• **Data to use**:

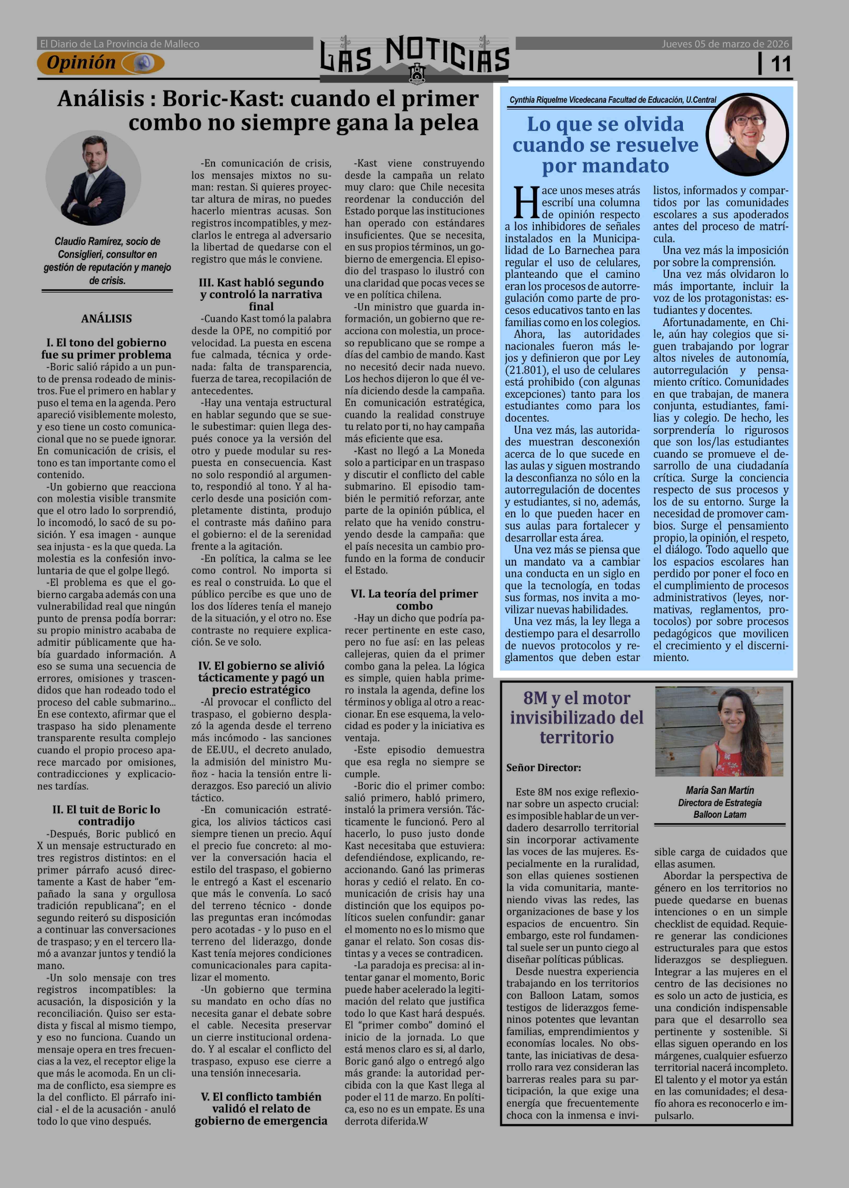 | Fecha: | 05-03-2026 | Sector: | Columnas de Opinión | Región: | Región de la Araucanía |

==

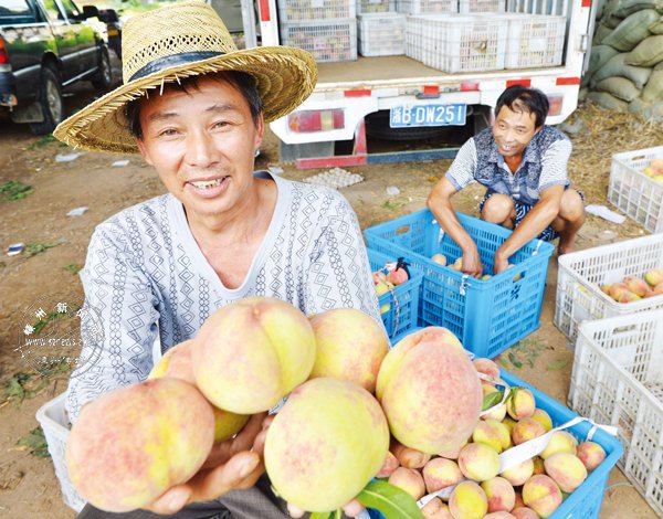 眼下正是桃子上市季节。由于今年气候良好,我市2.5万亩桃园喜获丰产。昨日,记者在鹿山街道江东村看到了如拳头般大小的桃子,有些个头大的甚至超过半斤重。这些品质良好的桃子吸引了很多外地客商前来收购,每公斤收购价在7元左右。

...

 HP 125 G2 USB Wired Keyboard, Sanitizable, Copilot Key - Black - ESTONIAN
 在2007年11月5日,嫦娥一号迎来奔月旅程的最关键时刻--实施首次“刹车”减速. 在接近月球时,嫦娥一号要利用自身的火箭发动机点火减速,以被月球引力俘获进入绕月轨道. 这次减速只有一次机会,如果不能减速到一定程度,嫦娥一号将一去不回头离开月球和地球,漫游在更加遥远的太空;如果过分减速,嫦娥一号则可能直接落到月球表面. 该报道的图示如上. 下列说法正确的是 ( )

• **Work required**: Using the entries above, output exactly the lines between the line holding "HP 125 G2 USB" and the line holding "下列说法正确的是 ( )", end lines included, and nothing more.

• **Solved exercise**:
 HP 125 G2 USB Wired Keyboard, Sanitizable, Copilot Key - Black - ESTONIAN
 在2007年11月5日,嫦娥一号迎来奔月旅程的最关键时刻--实施首次“刹车”减速. 在接近月球时,嫦娥一号要利用自身的火箭发动机点火减速,以被月球引力俘获进入绕月轨道. 这次减速只有一次机会,如果不能减速到一定程度,嫦娥一号将一去不回头离开月球和地球,漫游在更加遥远的太空;如果过分减速,嫦娥一号则可能直接落到月球表面. 该报道的图示如上. 下列说法正确的是 ( )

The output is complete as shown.